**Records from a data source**
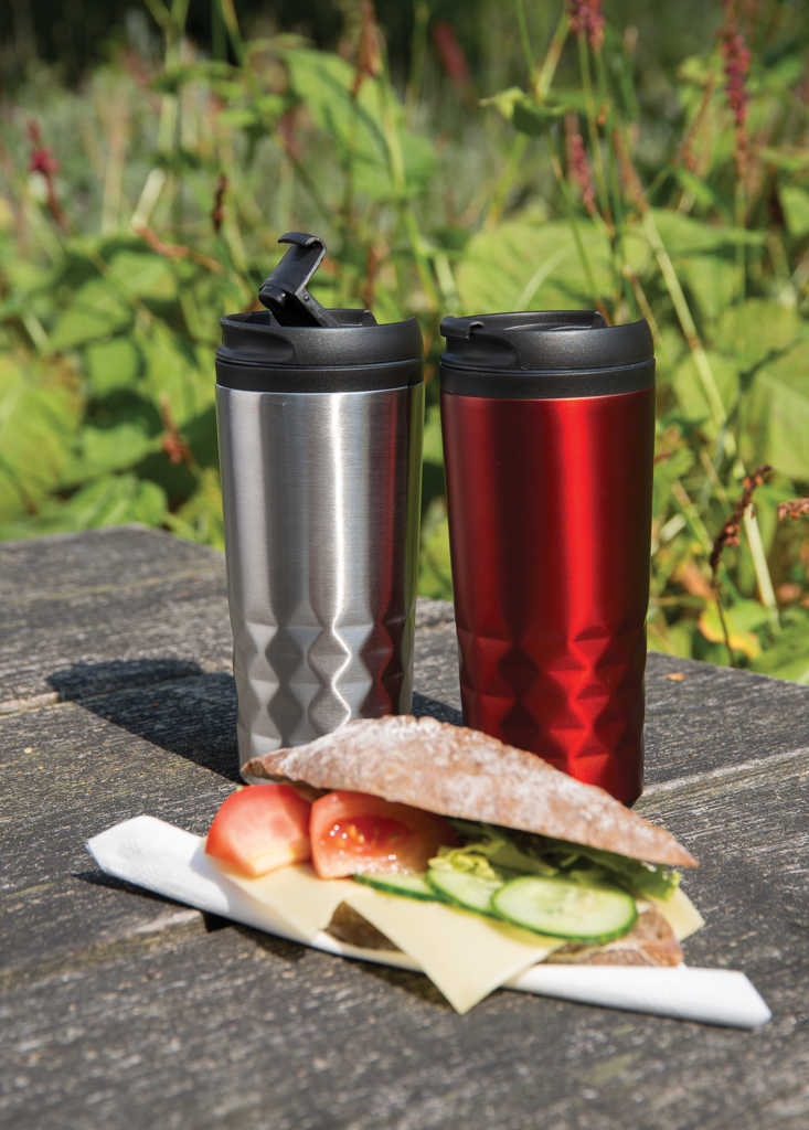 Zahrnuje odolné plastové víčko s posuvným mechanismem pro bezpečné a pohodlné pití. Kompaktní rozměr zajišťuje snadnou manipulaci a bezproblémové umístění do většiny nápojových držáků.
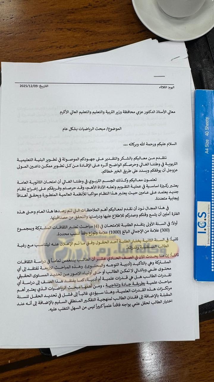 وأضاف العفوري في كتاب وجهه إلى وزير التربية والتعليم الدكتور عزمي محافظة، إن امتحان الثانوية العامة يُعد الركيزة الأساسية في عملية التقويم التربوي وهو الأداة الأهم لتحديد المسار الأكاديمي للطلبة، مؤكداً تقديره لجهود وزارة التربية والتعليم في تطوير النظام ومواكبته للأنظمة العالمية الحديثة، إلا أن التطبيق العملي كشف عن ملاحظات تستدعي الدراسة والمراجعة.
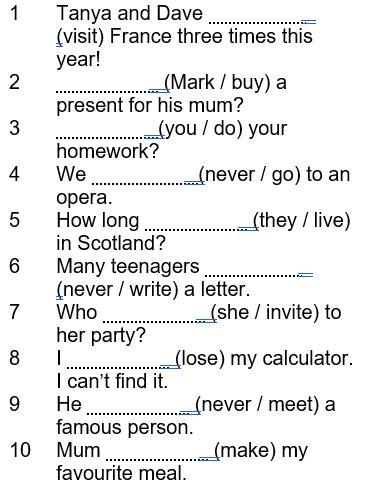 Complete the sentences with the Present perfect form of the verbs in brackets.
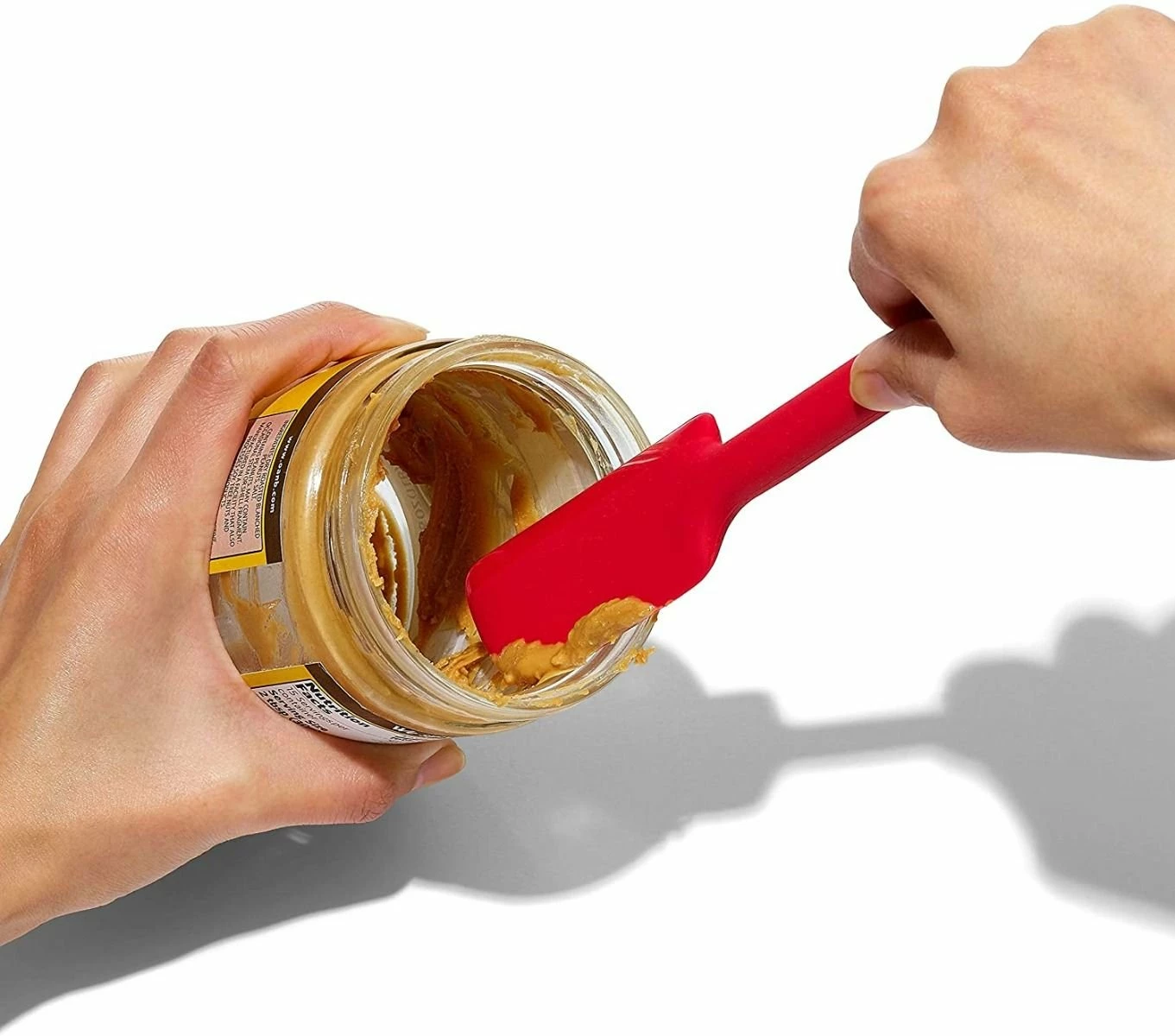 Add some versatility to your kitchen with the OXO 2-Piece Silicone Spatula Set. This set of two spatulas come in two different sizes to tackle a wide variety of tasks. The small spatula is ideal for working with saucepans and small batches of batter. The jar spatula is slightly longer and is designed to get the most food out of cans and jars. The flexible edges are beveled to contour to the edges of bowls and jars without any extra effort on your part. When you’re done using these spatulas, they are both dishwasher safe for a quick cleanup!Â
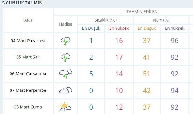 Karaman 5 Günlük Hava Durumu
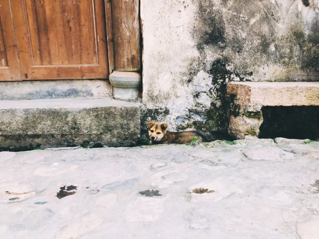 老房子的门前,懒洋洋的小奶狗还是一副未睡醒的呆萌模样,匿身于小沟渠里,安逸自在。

**Problem description**
Without the pictures, return the entries exactly as they appear.

**Worked solution**
 Zahrnuje odolné plastové víčko s posuvným mechanismem pro bezpečné a pohodlné pití. Kompaktní rozměr zajišťuje snadnou manipulaci a bezproblémové umístění do většiny nápojových držáků.
 وأضاف العفوري في كتاب وجهه إلى وزير التربية والتعليم الدكتور عزمي محافظة، إن امتحان الثانوية العامة يُعد الركيزة الأساسية في عملية التقويم التربوي وهو الأداة الأهم لتحديد المسار الأكاديمي للطلبة، مؤكداً تقديره لجهود وزارة التربية والتعليم في تطوير النظام ومواكبته للأنظمة العالمية الحديثة، إلا أن التطبيق العملي كشف عن ملاحظات تستدعي الدراسة والمراجعة.
 Complete the sentences with the Present perfect form of the verbs in brackets.
 Add some versatility to your kitchen with the OXO 2-Piece Silicone Spatula Set. This set of two spatulas come in two different sizes to tackle a wide variety of tasks. The small spatula is ideal for working with saucepans and small batches of batter. The jar spatula is slightly longer and is designed to get the most food out of cans and jars. The flexible edges are beveled to contour to the edges of bowls and jars without any extra effort on your part. When you’re done using these spatulas, they are both dishwasher safe for a quick cleanup!Â
 Karaman 5 Günlük Hava Durumu
 老房子的门前,懒洋洋的小奶狗还是一副未睡醒的呆萌模样,匿身于小沟渠里,安逸自在。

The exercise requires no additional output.